WORK INSTRUCTION> Could you return the whole listing exactly?

SOURCE MATERIAL>
_____
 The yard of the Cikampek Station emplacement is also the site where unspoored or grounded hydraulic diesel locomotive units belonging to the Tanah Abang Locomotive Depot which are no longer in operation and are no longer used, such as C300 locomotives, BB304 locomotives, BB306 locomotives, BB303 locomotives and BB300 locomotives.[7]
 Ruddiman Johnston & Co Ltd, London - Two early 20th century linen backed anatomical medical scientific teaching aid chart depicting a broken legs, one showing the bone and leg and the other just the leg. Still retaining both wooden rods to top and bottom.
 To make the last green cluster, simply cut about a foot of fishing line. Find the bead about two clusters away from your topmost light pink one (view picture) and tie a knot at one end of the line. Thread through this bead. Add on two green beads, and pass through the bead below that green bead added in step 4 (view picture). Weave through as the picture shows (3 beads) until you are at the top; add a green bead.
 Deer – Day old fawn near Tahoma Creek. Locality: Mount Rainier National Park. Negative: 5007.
_____
REPLY>
 The yard of the Cikampek Station emplacement is also the site where unspoored or grounded hydraulic diesel locomotive units belonging to the Tanah Abang Locomotive Depot which are no longer in operation and are no longer used, such as C300 locomotives, BB304 locomotives, BB306 locomotives, BB303 locomotives and BB300 locomotives.[7]
 Ruddiman Johnston & Co Ltd, London - Two early 20th century linen backed anatomical medical scientific teaching aid chart depicting a broken legs, one showing the bone and leg and the other just the leg. Still retaining both wooden rods to top and bottom.
 To make the last green cluster, simply cut about a foot of fishing line. Find the bead about two clusters away from your topmost light pink one (view picture) and tie a knot at one end of the line. Thread through this bead. Add on two green beads, and pass through the bead below that green bead added in step 4 (view picture). Weave through as the picture shows (3 beads) until you are at the top; add a green bead.
 Deer – Day old fawn near Tahoma Creek. Locality: Mount Rainier National Park. Negative: 5007.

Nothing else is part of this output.